### Available data
_____
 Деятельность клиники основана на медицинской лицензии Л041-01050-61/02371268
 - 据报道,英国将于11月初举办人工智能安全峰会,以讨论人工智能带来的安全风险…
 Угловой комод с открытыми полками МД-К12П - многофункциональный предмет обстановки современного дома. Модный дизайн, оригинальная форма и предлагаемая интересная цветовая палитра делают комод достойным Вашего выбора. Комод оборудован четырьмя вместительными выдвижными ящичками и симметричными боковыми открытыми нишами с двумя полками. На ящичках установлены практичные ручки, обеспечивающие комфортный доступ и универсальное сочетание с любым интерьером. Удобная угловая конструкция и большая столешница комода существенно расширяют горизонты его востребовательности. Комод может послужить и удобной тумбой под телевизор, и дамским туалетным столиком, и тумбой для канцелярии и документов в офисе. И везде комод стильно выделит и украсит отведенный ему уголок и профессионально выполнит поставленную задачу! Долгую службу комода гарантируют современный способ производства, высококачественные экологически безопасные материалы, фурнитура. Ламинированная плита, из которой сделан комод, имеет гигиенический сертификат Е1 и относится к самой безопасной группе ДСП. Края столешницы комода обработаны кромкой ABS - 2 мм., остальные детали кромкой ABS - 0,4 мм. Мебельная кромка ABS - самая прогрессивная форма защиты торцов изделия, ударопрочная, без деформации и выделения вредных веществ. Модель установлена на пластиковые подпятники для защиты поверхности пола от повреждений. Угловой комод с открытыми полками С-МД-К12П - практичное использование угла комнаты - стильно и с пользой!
_____
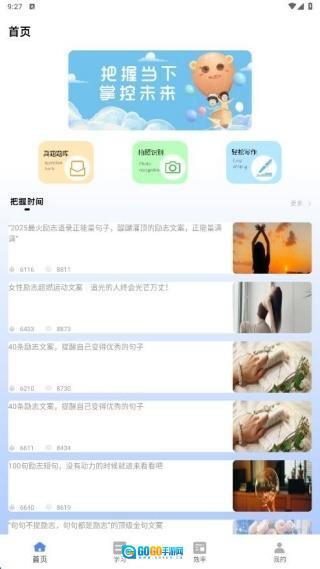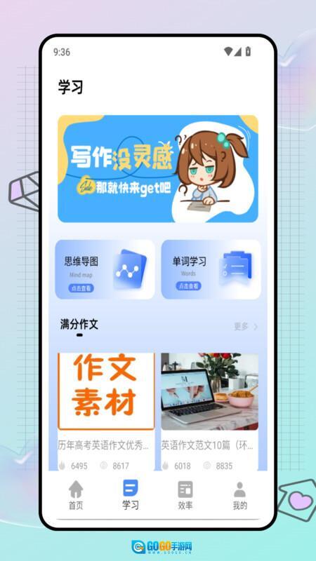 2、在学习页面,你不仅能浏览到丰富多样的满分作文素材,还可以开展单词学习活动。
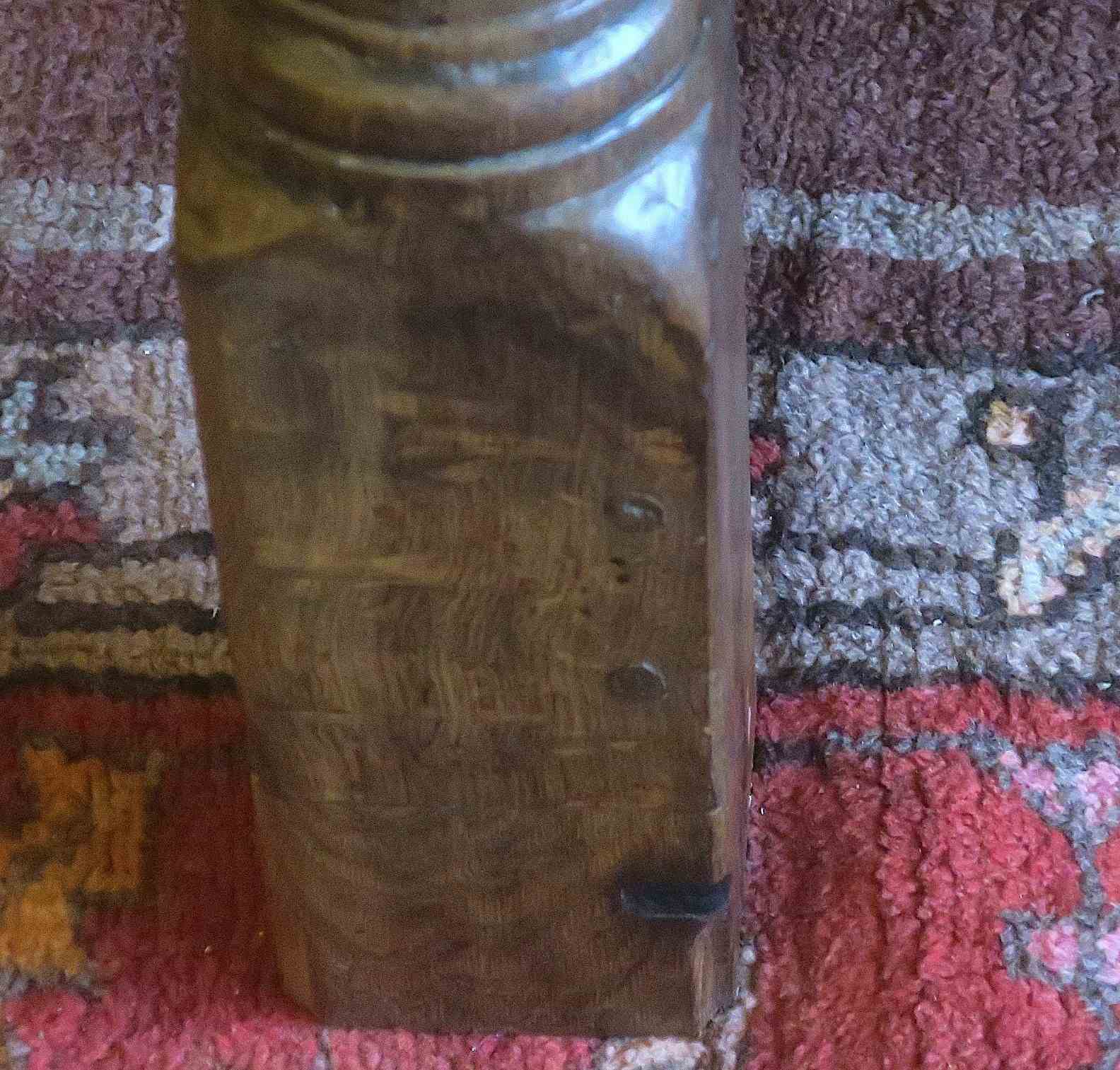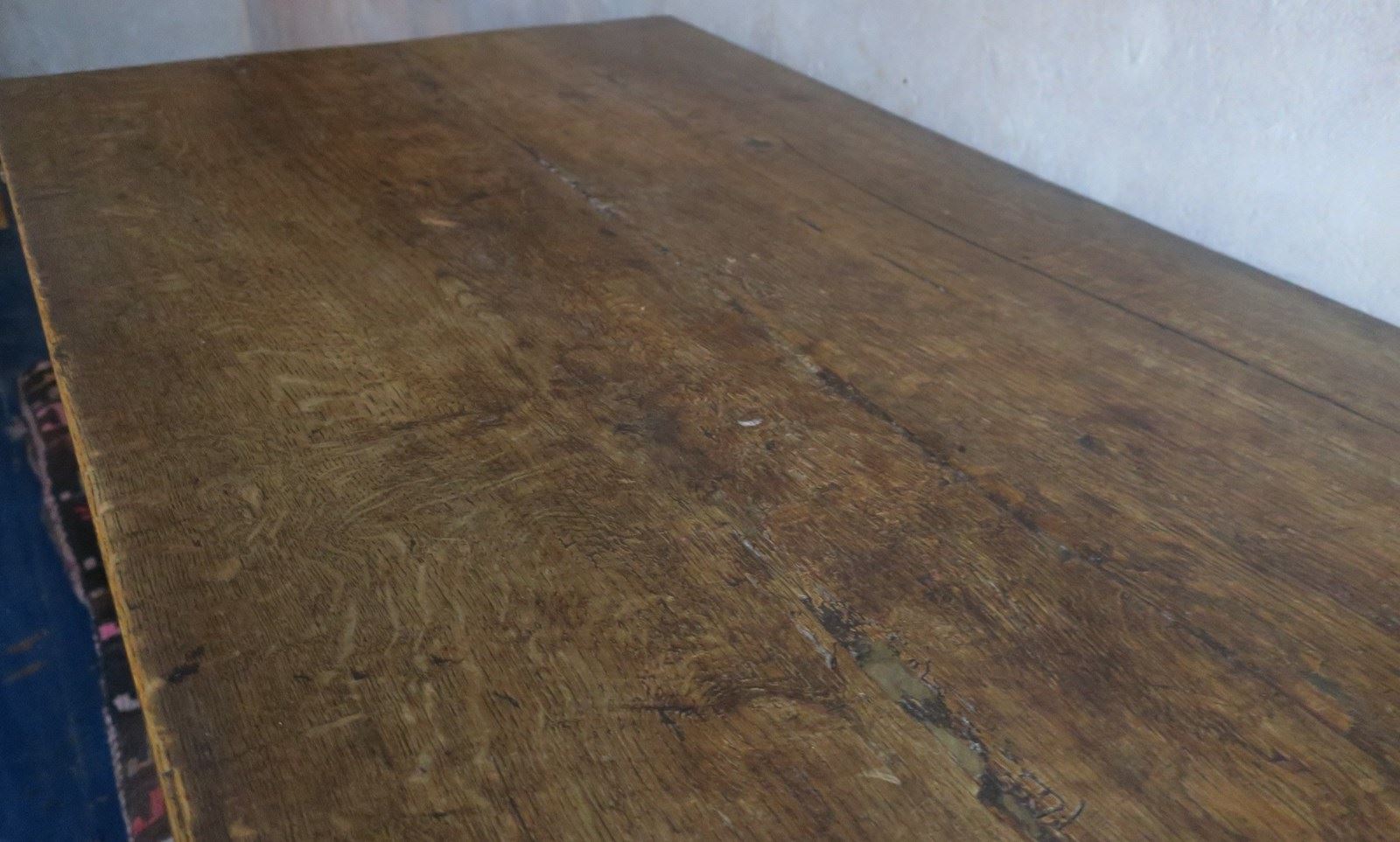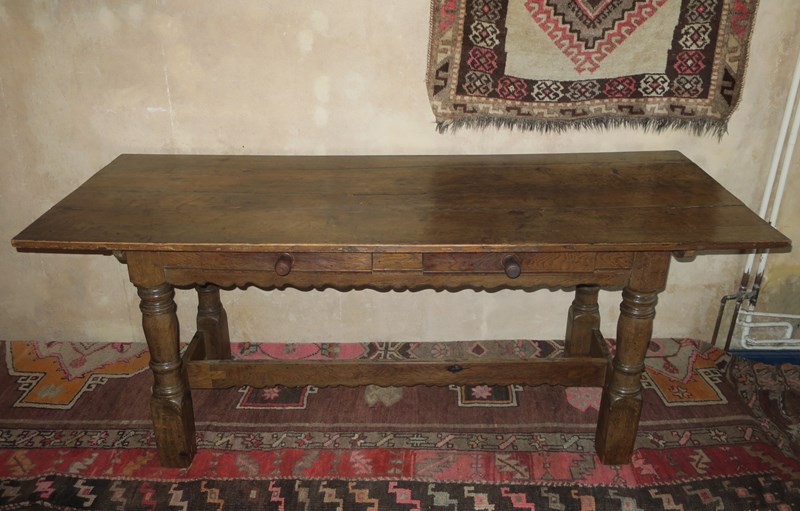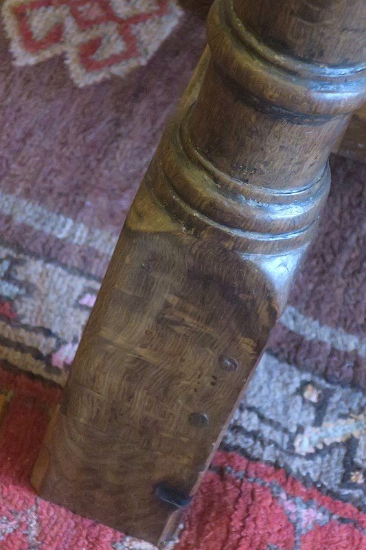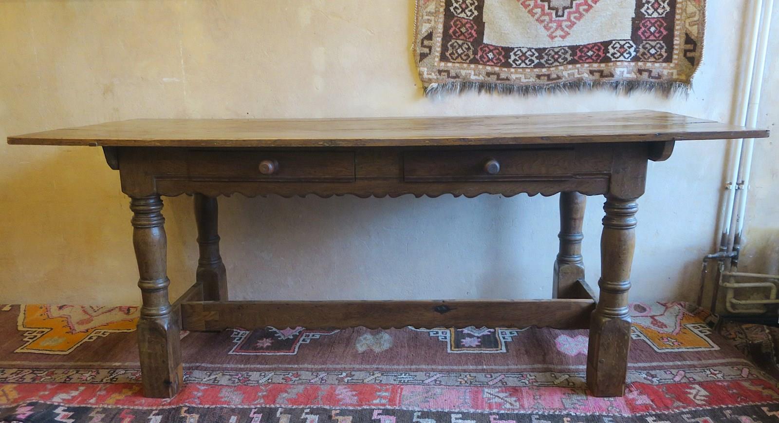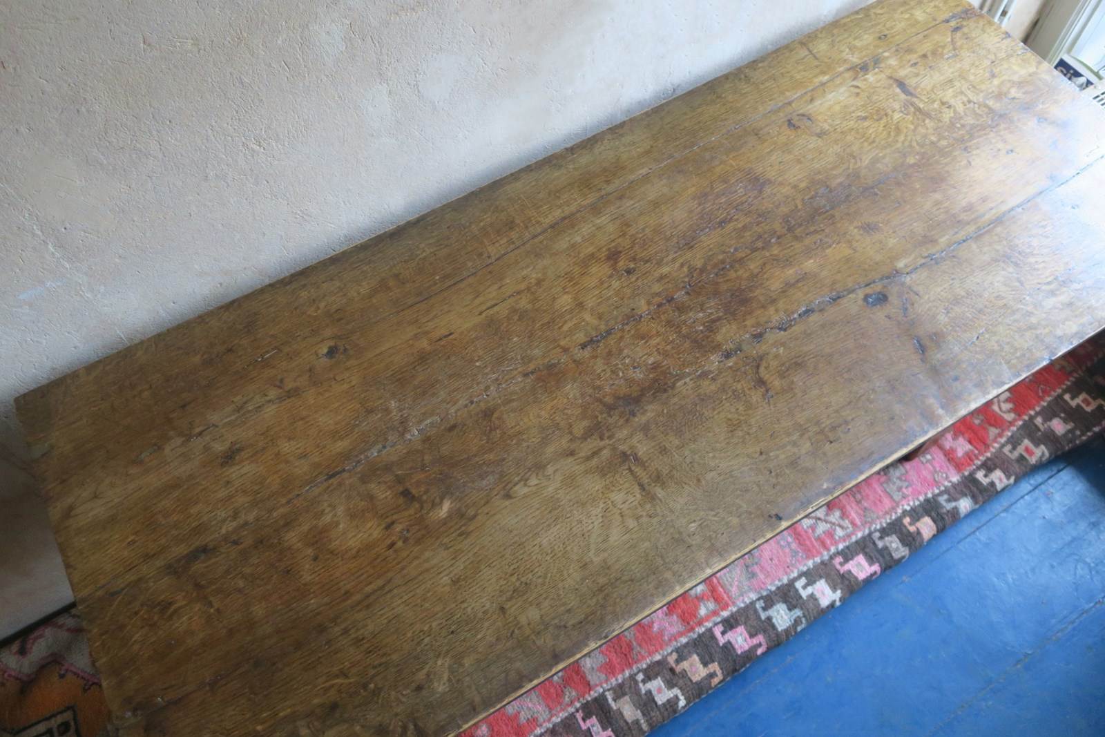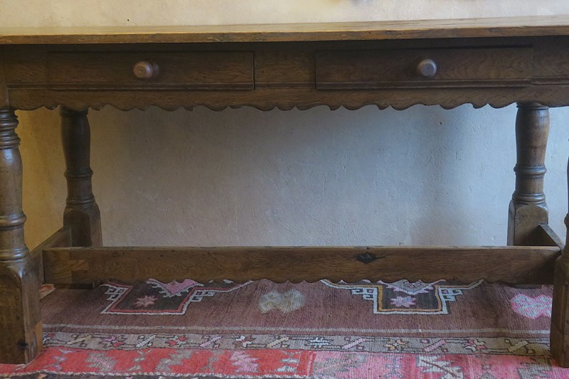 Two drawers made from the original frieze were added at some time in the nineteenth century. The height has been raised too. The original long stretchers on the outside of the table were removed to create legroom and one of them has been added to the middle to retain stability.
_____
### Task brief
Taking the lines above, repeat exactly those from the line that contains "Деятельность клиники основана" through the line that contains "Угловой комод с открытыми полками МД-К12П", and both of those lines as well. Include nothing else.

### Response below
 Деятельность клиники основана на медицинской лицензии Л041-01050-61/02371268
 - 据报道,英国将于11月初举办人工智能安全峰会,以讨论人工智能带来的安全风险…
 Угловой комод с открытыми полками МД-К12П - многофункциональный предмет обстановки современного дома. Модный дизайн, оригинальная форма и предлагаемая интересная цветовая палитра делают комод достойным Вашего выбора. Комод оборудован четырьмя вместительными выдвижными ящичками и симметричными боковыми открытыми нишами с двумя полками. На ящичках установлены практичные ручки, обеспечивающие комфортный доступ и универсальное сочетание с любым интерьером. Удобная угловая конструкция и большая столешница комода существенно расширяют горизонты его востребовательности. Комод может послужить и удобной тумбой под телевизор, и дамским туалетным столиком, и тумбой для канцелярии и документов в офисе. И везде комод стильно выделит и украсит отведенный ему уголок и профессионально выполнит поставленную задачу! Долгую службу комода гарантируют современный способ производства, высококачественные экологически безопасные материалы, фурнитура. Ламинированная плита, из которой сделан комод, имеет гигиенический сертификат Е1 и относится к самой безопасной группе ДСП. Края столешницы комода обработаны кромкой ABS - 2 мм., остальные детали кромкой ABS - 0,4 мм. Мебельная кромка ABS - самая прогрессивная форма защиты торцов изделия, ударопрочная, без деформации и выделения вредных веществ. Модель установлена на пластиковые подпятники для защиты поверхности пола от повреждений. Угловой комод с открытыми полками С-МД-К12П - практичное использование угла комнаты - стильно и с пользой!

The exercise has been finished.